Collection entries
== Segment start ==

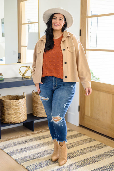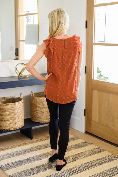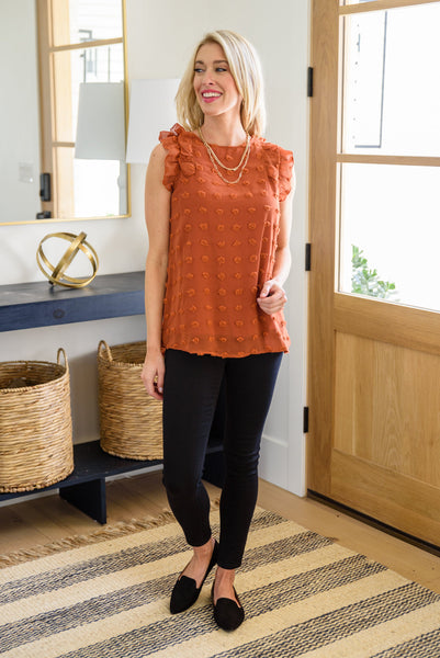 The So You Swiss Dot Top in Rust is here for you when your other tops aren't! A round neckline, ruffle hem sleeves, slightly rounded hem and Swiss dot detailing come together to create a beautiful top. Pair with dark wash denim, nude boots, and a lightweight jacket or sweater for a chic look.
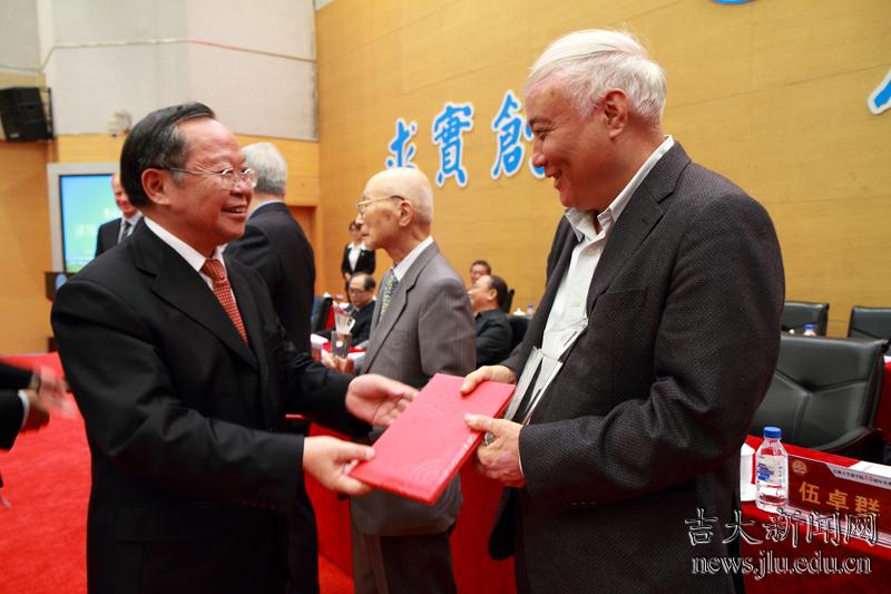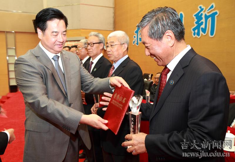 校党委书记陈德文为“特别荣誉奖”获得者颁奖
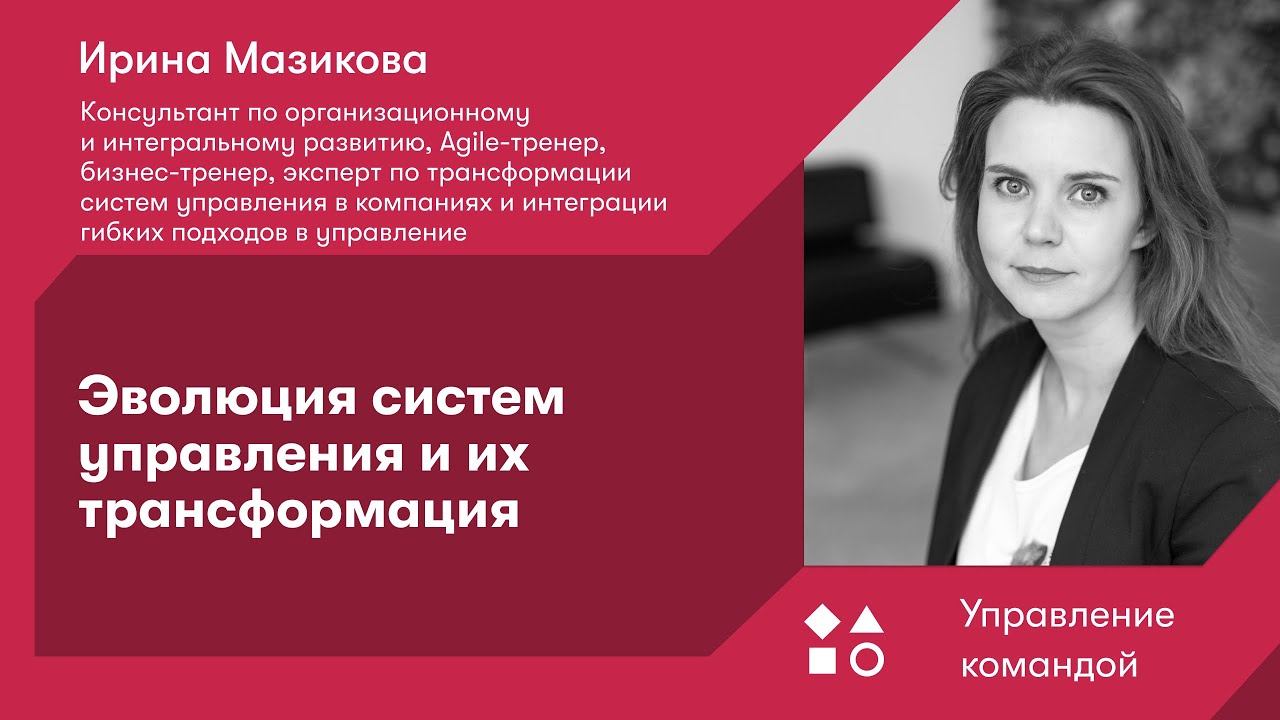 Управление – это… Продолжите, что для вас управление? Чем мы действительно управляем и зачем нам это? Какова цена и ценность в функциях управления? С определенного момента к нам в управление переходило все больше сфер в нашей жизни, все больше ответственности. Вместе с ней росли ожидания и цена, которую мы платили. Далеко не всегда мы были готовы к выходу на новые уровни, особенно, когда речь заходила об управлении командой или организацией – это дополнительная ответственность еще и перед сотрудниками, клиентами, и здесь очень важно вооружиться новыми знаниями и навыками. На вебинаре вместе с экспертом участники разберут эволюцию систем управления – плюсы и точки роста каждой. 00:00- Приветственные слова, знакомство со спикером 08:06- Трансформация. Система управления 10:06- Элементы управления 13:07- Карта фокусов внимания в управлении 15:22- Фокус на элементах согласно использующейся системе 22:36- Управление по ценностям 26:53- Управление результативностью 37:03- Управление по ценностям 45:00- Выбор системы управления 50:40- Управление по целям 51:58- Управление результативностью 52:52- Управление по ценностям 54:40- Цикл трансформации 1:06:13- Лидеры трансформации. Команда изменений 1:07:57- Управление популярностями 1:10:29- Трансформация. Квадраты Уилбера 1:12:36- Ассимиляция. Карго-культ: реализация без понимания 1:14:18- Изменение мышления 1:15:30- Ответы на вопросы 1:26:22- Заключительные слова. Заключительное видео
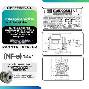 Motor Elétric Mono 5Cv Compressor Lavadora Forrageira Serra
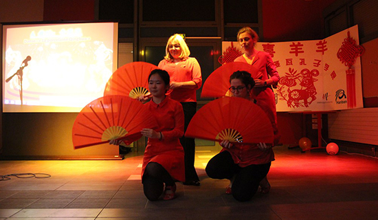 2月18日,法国阿尔多瓦大学孔子学院在该校举办“喜羊羊”春节联欢晚会。汉学系、孔子学院师生,南京大学、中山大学交换生和其他中国留学生等近150人参加了晚会。
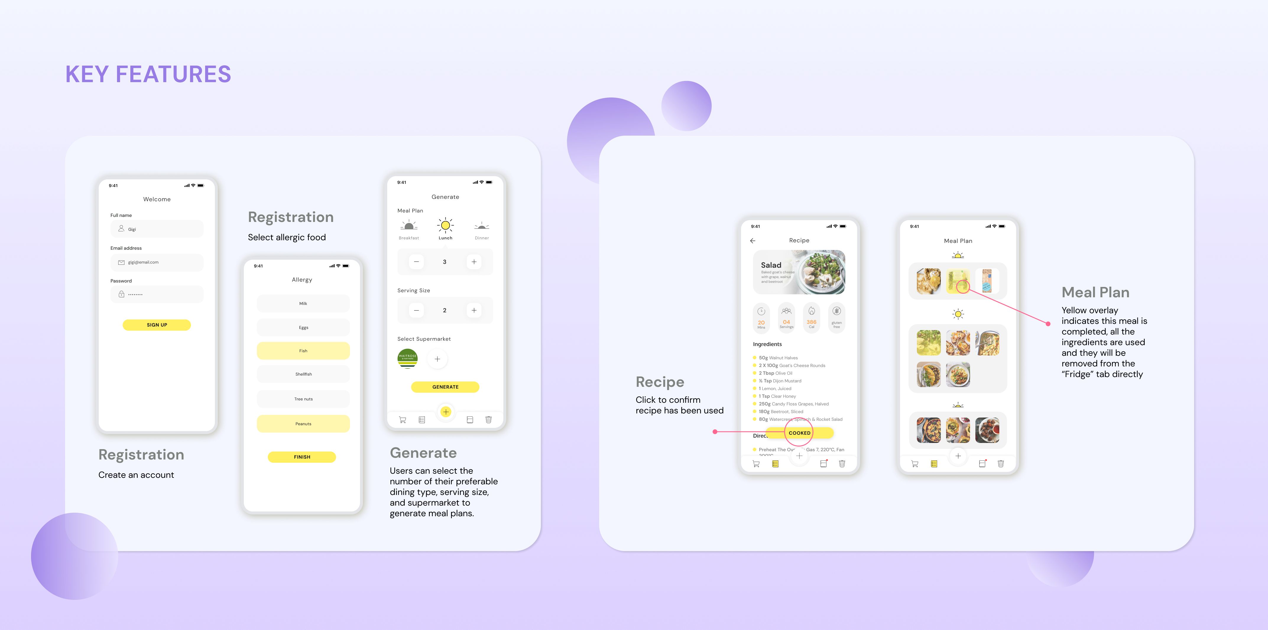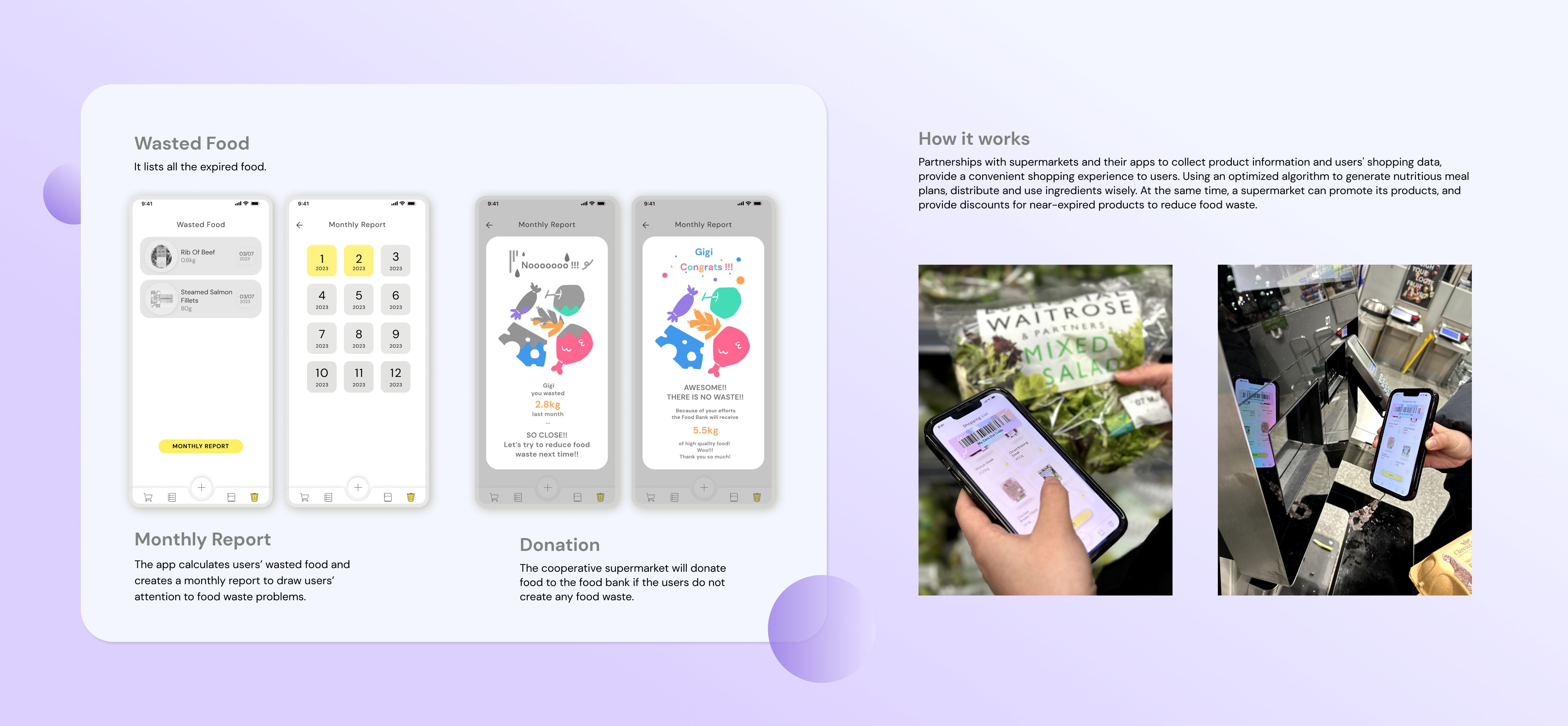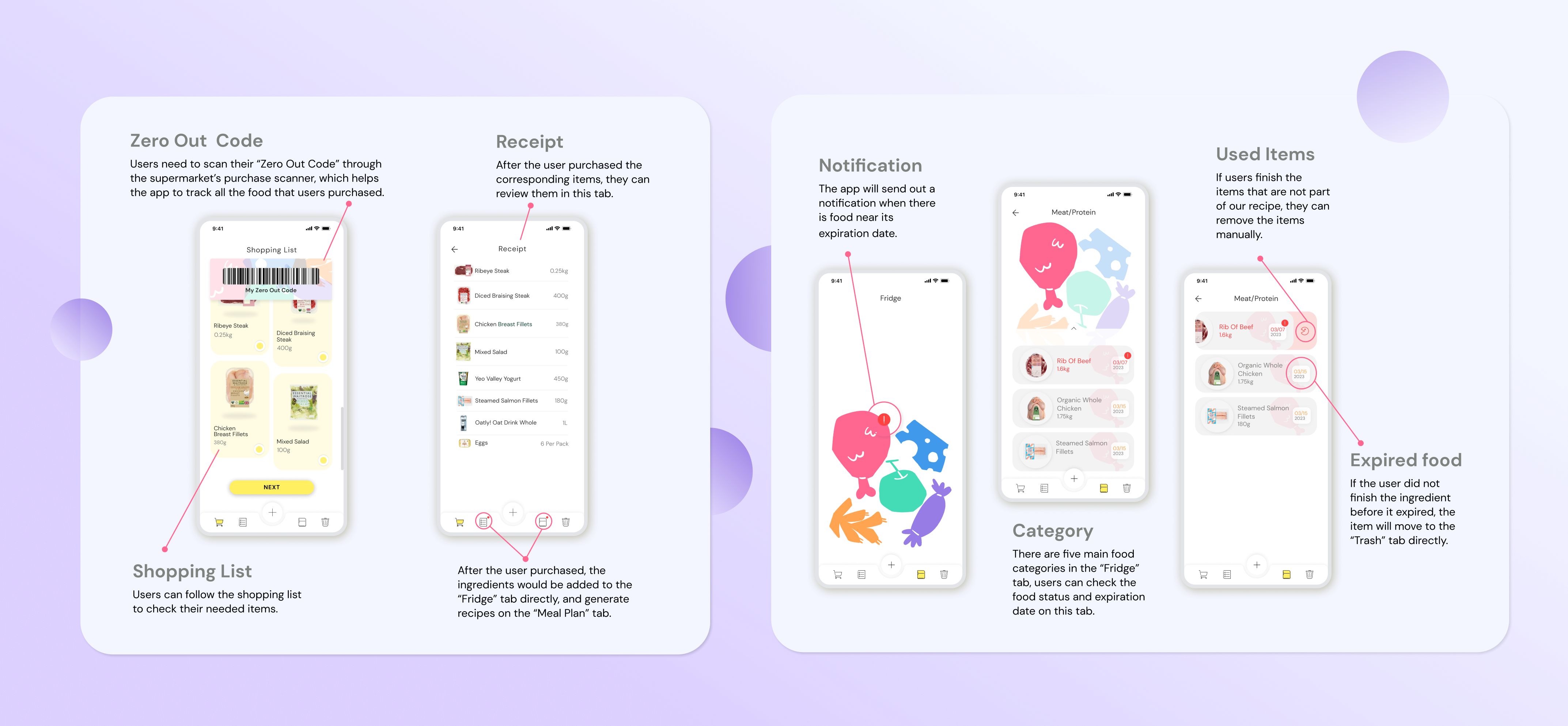 The main UX challenge was creating a practical, intuitive experience that helps users reduce food waste while encouraging sustainable habits. Users often forgot expiration dates, lacked food storage knowledge, struggled to finish fresh groceries, and found meal planning difficult. To address these issues, we explored features like grocery store mapping for efficient shopping, packaging cues for expiration and usage tips, and smart ingredient tracking. Through interviews, surveys, and user testing, we refined the app to support mindful consumption in an engaging, user-friendly way that fosters lasting behavioral change.
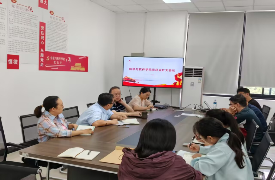 为深入贯彻落实新时代党的建设总要求,9 月 25 日下午 14 时,信息与软件学院在 14 - 306 会议室召开党总支委员(扩大)会议。党总支委员、各党支部书记及组织员、宣传员、纪检委员等相关工作人员悉数到场,会议由党总支副书记郑兰松主持。
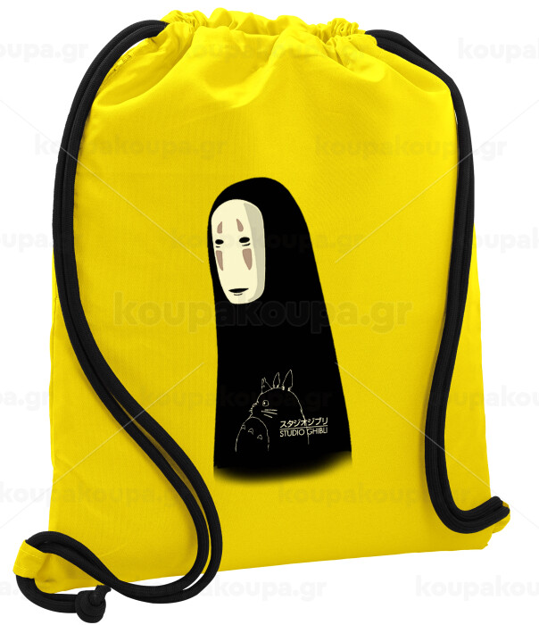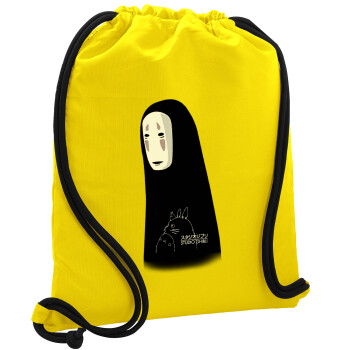 Spirited Away No Face, Τσάντα πλάτης πουγκί GYMBAG Κίτρινη, με τσέπη (40x48cm) & χονδρά κορδόνια
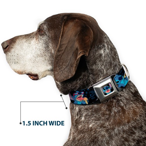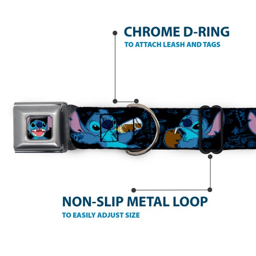 Stitch Smiling CLOSE-UP Full Color Black Seatbelt Buckle Collar – Stitch Snacking Poses Black/Blue
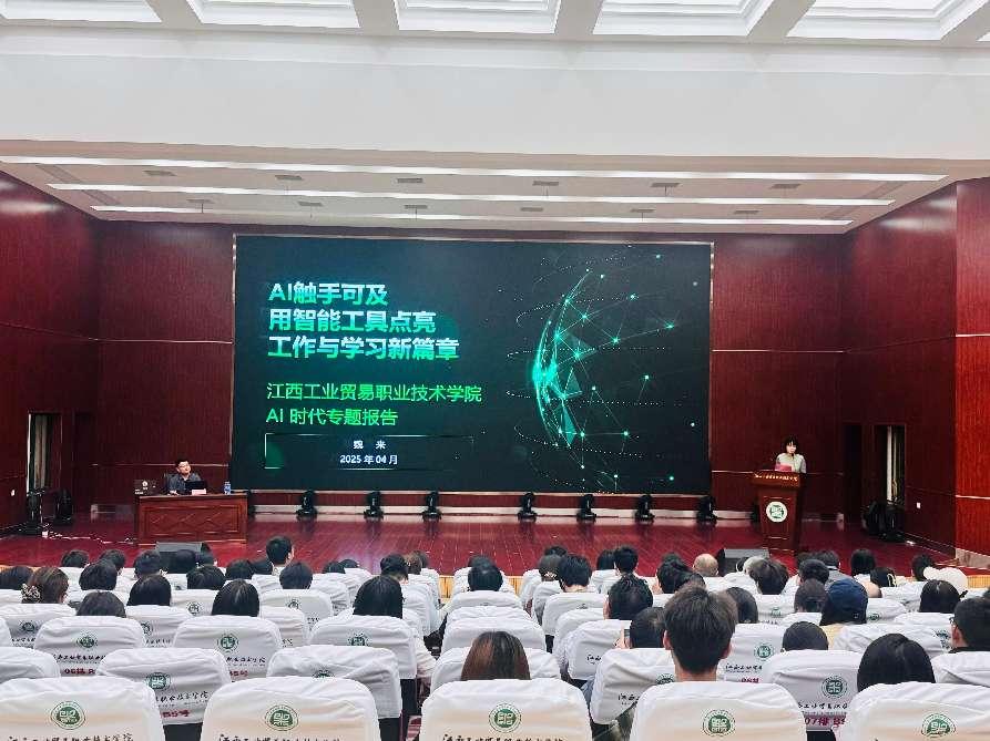 4月25日下午,以“AI时代 赋能工贸”为主题的专题讲座在我院图书馆报告厅举行。

== Segment end ==

## To do
Output exactly those lines of the data above that run from the line with "Motor Elétric Mono" up to and including the line with "2月18日,法国阿尔多瓦大学". No pictures go in.

## Output
 Motor Elétric Mono 5Cv Compressor Lavadora Forrageira Serra
 2月18日,法国阿尔多瓦大学孔子学院在该校举办“喜羊羊”春节联欢晚会。汉学系、孔子学院师生,南京大学、中山大学交换生和其他中国留学生等近150人参加了晚会。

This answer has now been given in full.